Designing and Measuring Outcomes

Designing and Measuring Outcomes

Write a cohesive response that addresses the following:
•    Describe two or three outcomes for your proposed change. For each outcome, describe the evaluation criterion/criteria that is/are measurable.
•    Explain how these outcomes relate to multiple sets of standards, as well as differing groups’ needs and priorities. Why is intra- and interdisciplinary collaboration important as you design these outcomes?
•    How do the measurable outcomes for your proposed change establish accountability for you as a leader?

Readings
•    Parsons, M. L., & Cornett, P. A. (2011). Leading change for sustainability. Nurse Leader, 9(4), 36–40. doi:10.1016/j.mnl.2011.05.005
Retrieved from the Walden Library databases.

As noted in this article, “A comprehensive approach is needed to fulfill the multitude of expectations for creation and sustainment of quality outcomes” (Parsons & Cornett, 2011, p. 37). The authors discuss this issue using a systems framework and examine strategies related to leadership and staff engagement.
•    Pronovost, P. J., & Freischlag, J. A. (2010). Improving teamwork to reduce surgical mortality. JAMA: Journal of the American Medical Association, 304(15), 1721–1722. doi:10.1001/jama.2010.1542
Retrieved from the Walden Library databases.

The authors advocate for improving teamwork through training, coaching, and reflective practice in order to improve outcomes.
•    Pronovost, P. J., & Lilford R. (2011). A road map for improving the performance of performance measures. Health Affairs, 30(4), 569–73.
Retrieved from the Walden Library databases.

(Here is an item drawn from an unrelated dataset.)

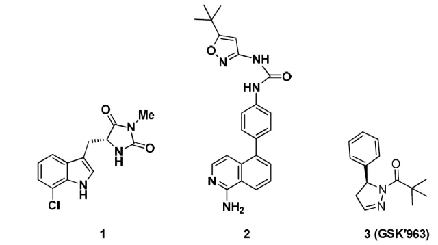 “一个优秀药物最终会耀眼地站在世界舞台的中间,她的成功注定不平凡,她走过的路将指引一批又一批制药人前行,我们在她的身上会得到宝贵的经验,比如先来一打优秀的Hits,比如,先用DNA编码化合物库筛选一个靶点。” ——编者注 起初Harris等在寻找RIP1抑制剂的时候并没有选择DNA编码化合物库筛选技术,而是对GSK的激酶抑制剂化合物库进行了筛选。筛选得到的一系列苗头化合物属于能够结合DFG-out构象的II型RIP1靶点的抑制剂,如下图2号化合物。但是这个系列的苗头化合物的分子量太大、亲水性弱并且常常脱靶的性质成为进一步优化的障碍。 随后他们采用高通量筛选技术对GSK的化合物库进行筛选,发现了化合物GSK963,如下图3号化合物。这个化合物在体外的数据较好,分子量小,效率高并且具有选择性。但是在啮齿动物中的口服效果不佳,限制了进一步的开发。

The authors discuss the science behind the measurement of quality and propose improvements.
•    Scobbie, L., Dixon, D., & Wyke, S. (2011). Goal setting and action planning in the rehabilitation setting: Development of a theoretically informed practice framework. Clinical Rehabilitation, 25(5), 468–482. doi:10.1177/0269215510389198
Retrieved from the Walden Library databases.

Review this article originally presented in a previous course. In order to develop a theory-based framework for setting goals, the authors of this article use causal modeling to determine effective patient outcomes. They identify four major components of the framework that can be used to set effective goals.